Could someone write a trojan that would do this? yes, is Linux
vulnerable to "click the nudie pic and install the malware"? no, not in
any way as bad as MS-Windows. IIRC, there was one bug in the libjpeg
package a while back, which might allow this, but none of the broad
vulnerabilities caused by bad design decisions in MS-Windows (free clue
to MS, stop equating open, with execute. )
> Windows currently having >90% of the desktop market protects Linux and
> other systems currently: malware could not propagate fast enough.
> Also, most email clients don't offer to execute arbitrary email
> of IE.
Except that the js implementation in Mozilla and the rest of the OSS
browsers, is open, and subject to review. IE's isn't.
> Another thing that protects Linux systems: heterogenity. Binary
> exploits usually only work properly when a program is compiled and
> linked with specific compiler and library versions -- with different
> versions, all you=
yes, one of the flaws of the MS way, is the monoculture it engenders.

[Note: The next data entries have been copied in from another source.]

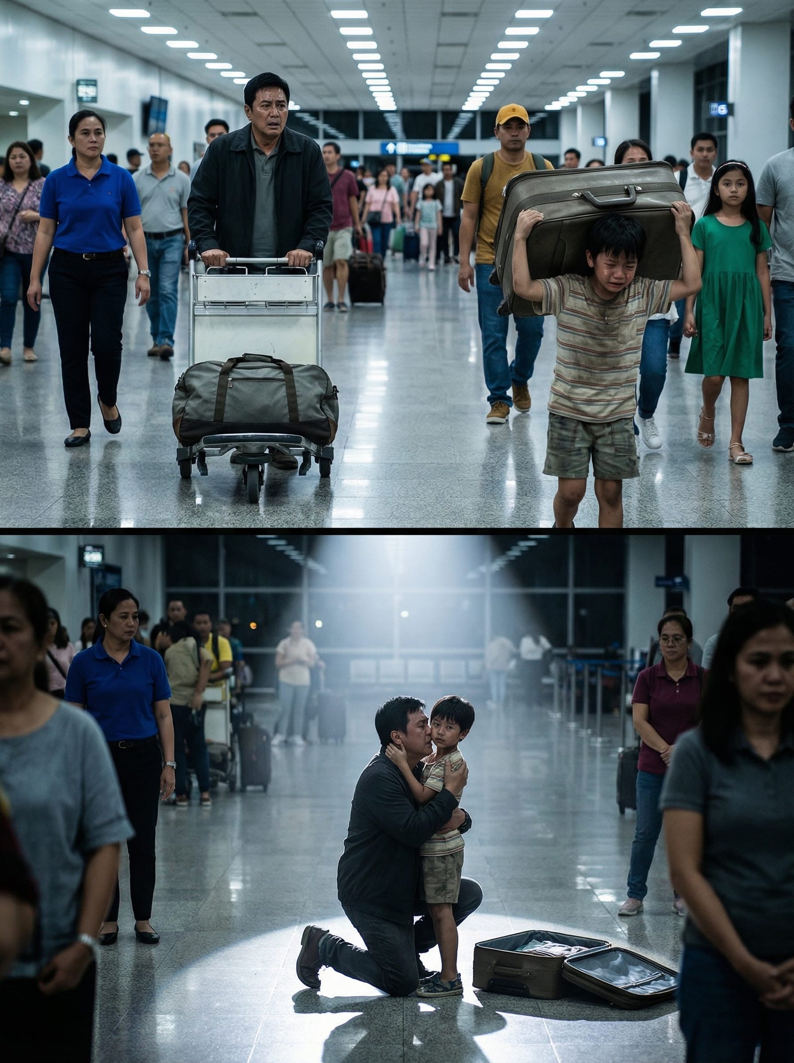 Terminal ang bungad: mahabang pasilyo, amoy kape, tunog ng gulong ng maleta, at mga taong nagmamadali. Sa gitna ng lahat, may batang lalaki na halos mabali ang likod sa bigat ng isang malaking maleta. Umiiyak ito habang pilit binubuhat ang bagahe sa ulo, nakasiksik ang strap sa balikat.
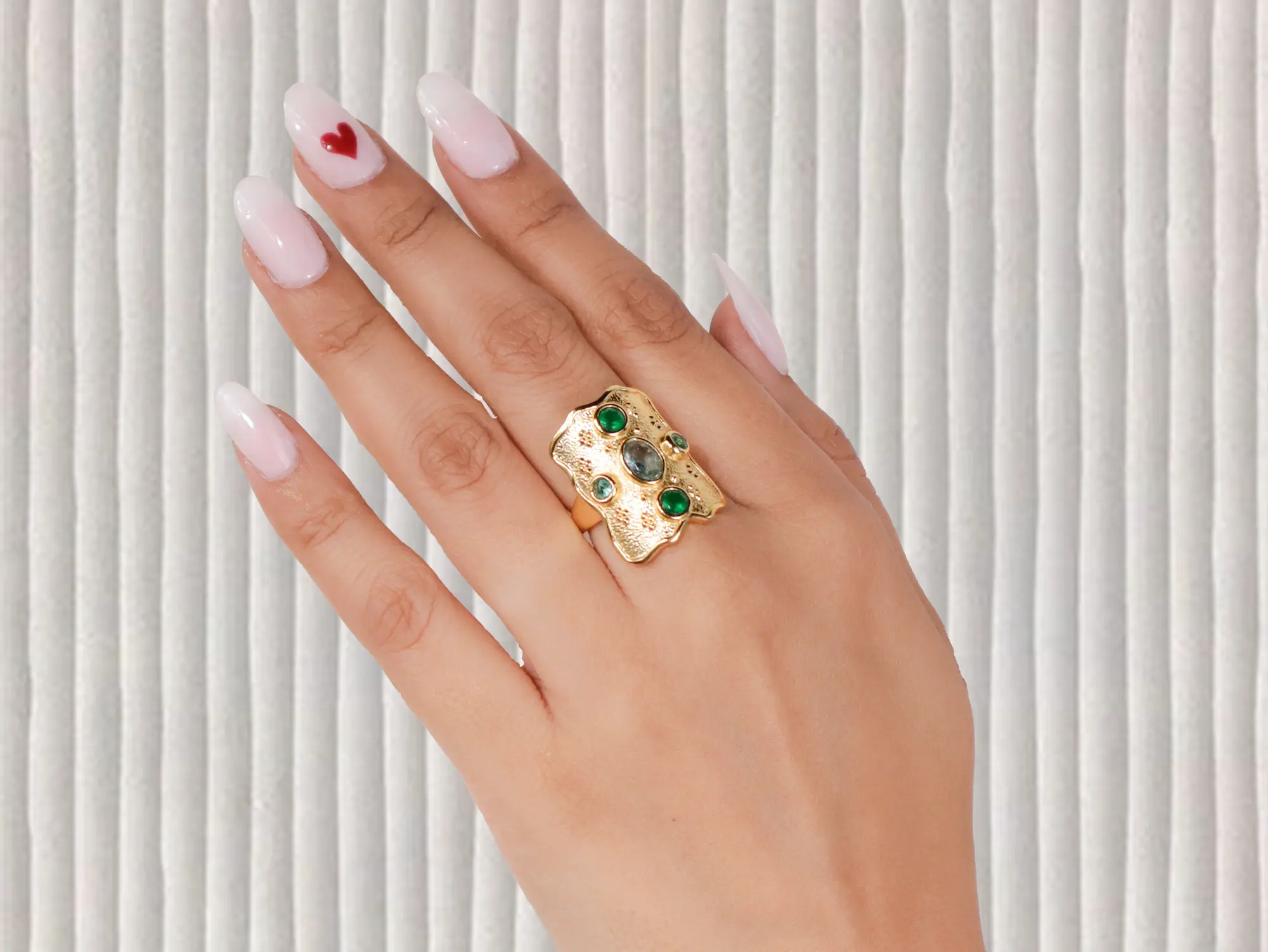 A bold gold statement ring with textured detailing and gemstone variations — pink, multi-color, black, and green. Perfect for festive and modern looks.
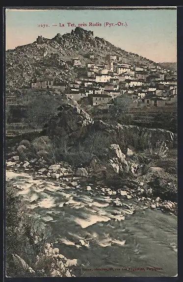 AK Rodès, Vue de la Têt et du village pittoresque sur la colline
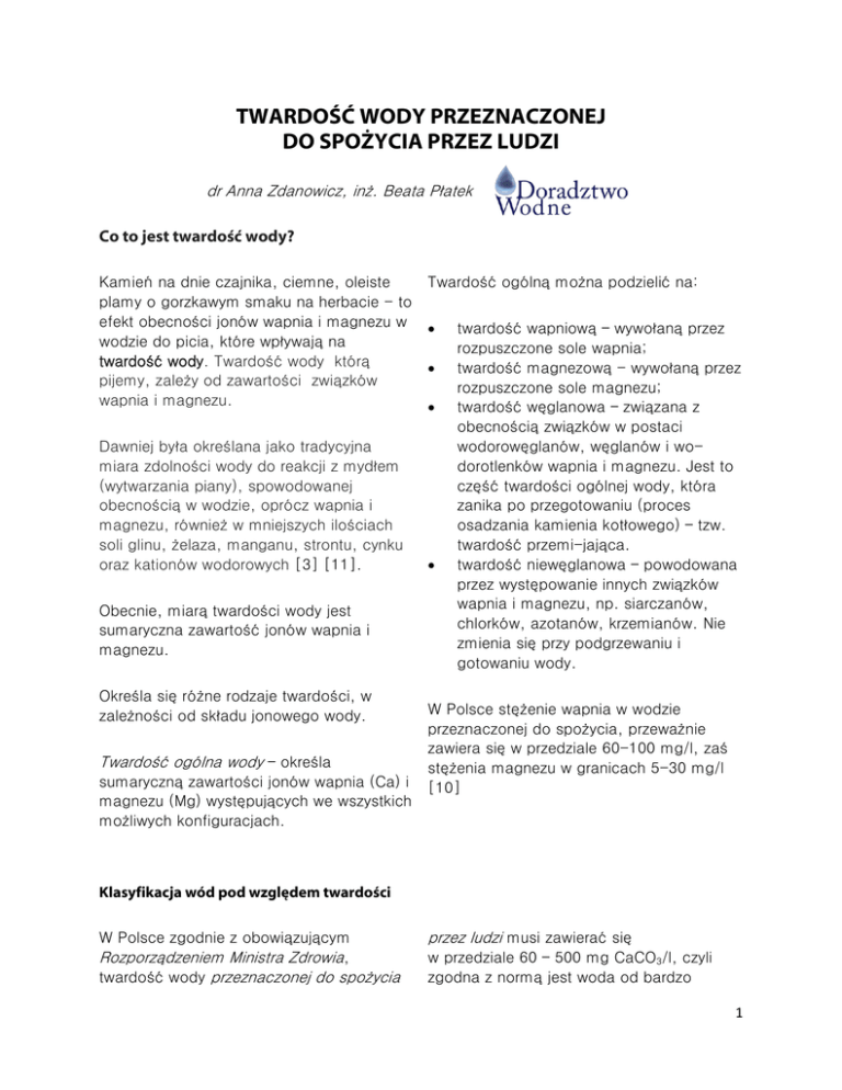 TWARDOŚĆ WODY PRZEZNACZONEJ DO SPOŻYCIA PRZEZ LUDZI
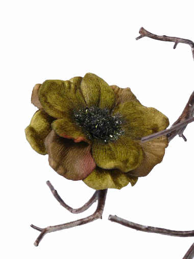 Anémona artificial GORO con clip, verde oliva, Ø11cm
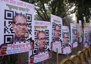 कांग्रेस ने 'शिवराज पे' के क्यूआर कोड के पोस्टर बनाकर लगाए
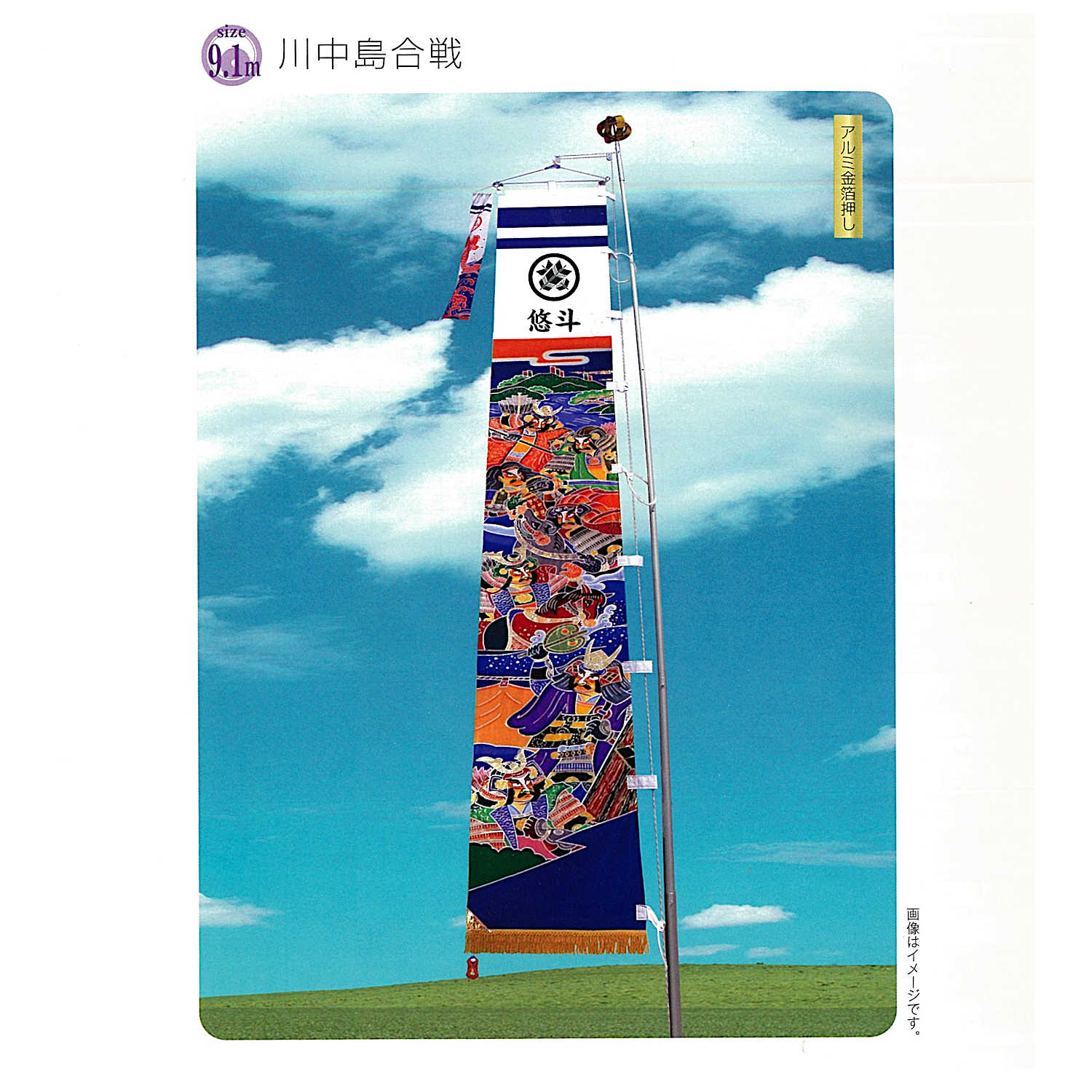[武者絵のぼり 名前・家紋入可] 9.1m [アルミ金箔押し] 武者絵幟 [庭用 ポール別売] [五月人形 5月人形 端午の節句 初節句]
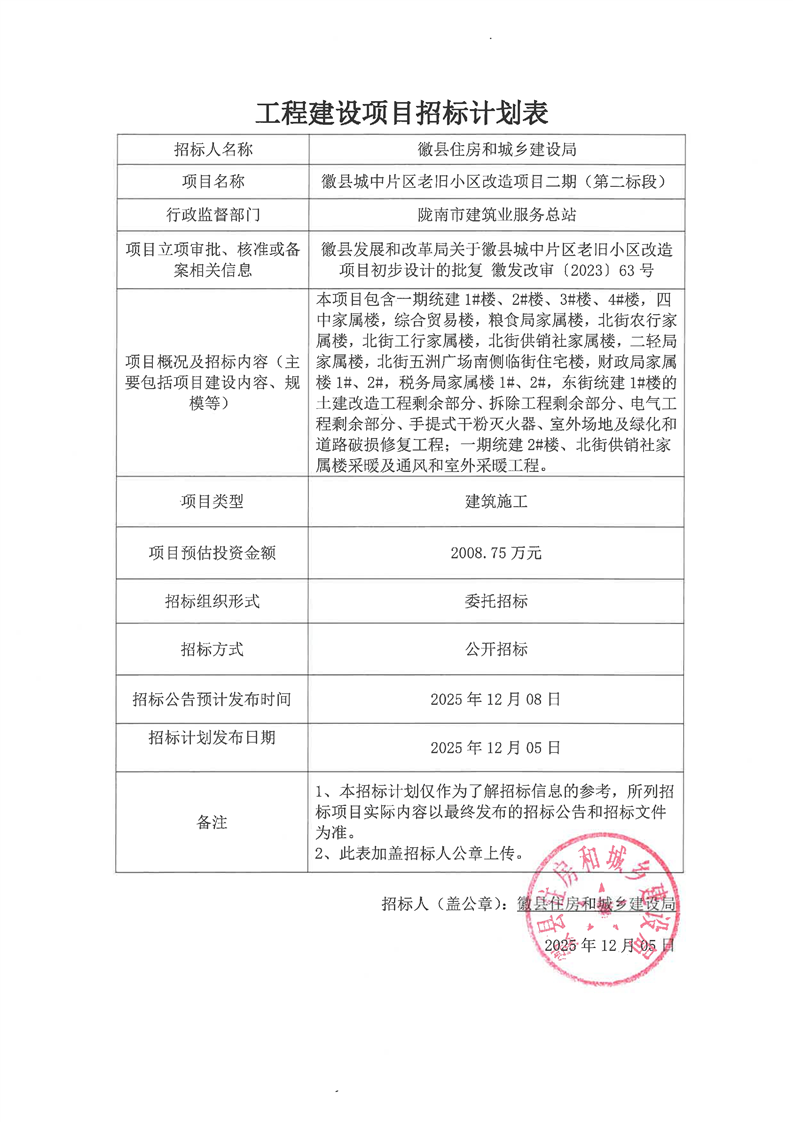 附件:工程建設(shè)項目招標(biāo)計劃表徽縣城中片區(qū)老舊小區(qū)改造項目二期(第二標(biāo)段).pdf
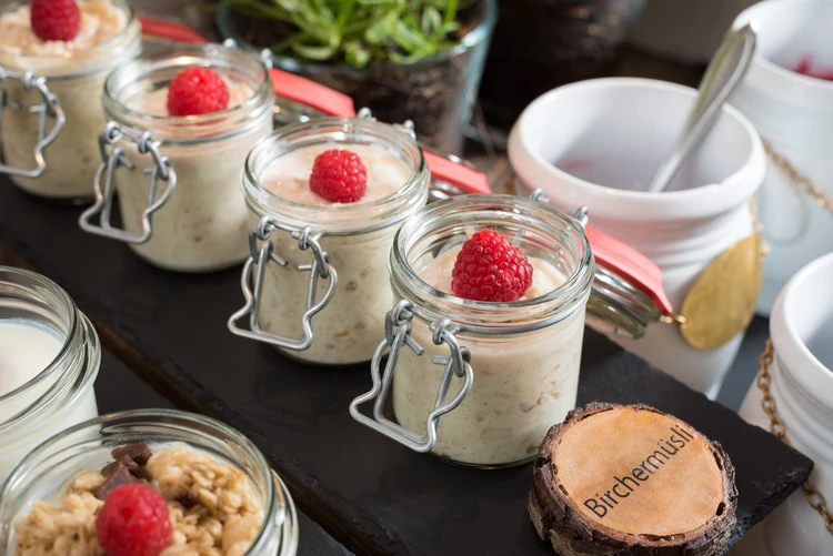 Zu den Hauptmahlzeiten können Sie zwischen verschiedenen Menüs, kalten und warmen Speisen wählen. Unsere Küche ist von regionalen und saisonalen Zutaten geprägt. Alle Mahlzeiten werden vom Küchenteam frisch zubereitet. Und auch auf spezielle Essenswünsche sind wir eingestellt – egal ob vegan, gluten- oder lactosefrei.
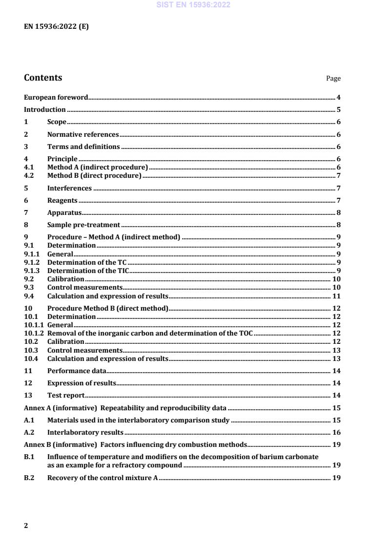Ta evropski standard določa dve metodi za določitev skupnega organskega ogljika (TOC) v blatu, predelanih bioloških odpadkih, prsti, odpadkih in vzorcih usedlin, ki vsebujejo več kot 1 g ogljika na kg suhe snovi (0,1 %).
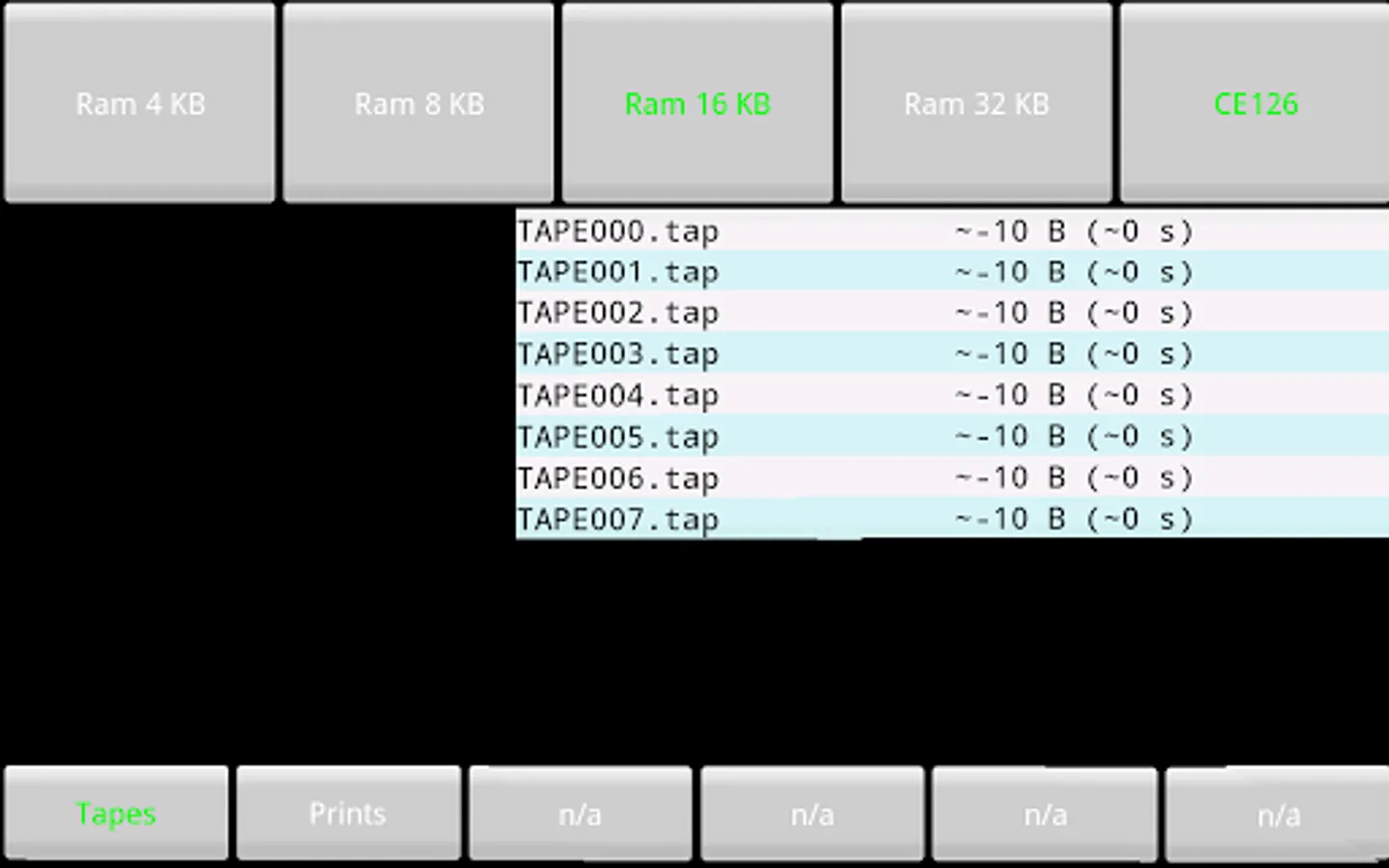 - Tapes support (import and export .tap files from/to sdcard/go1403/tapes).

> get is a crash (which does no real harm in most cases). I think there
> are far more different Linux versions out there than there are Windows
> versions, so I *think* that even with Linux becoming a more attractive
> target, you'll never get a single malware spreading with a speed
> comparable to what's happening in Windows today.
Agreed, Linux isn't invulnerable, simply a lot less vulnerable in
design, and even less vulnerable in practice.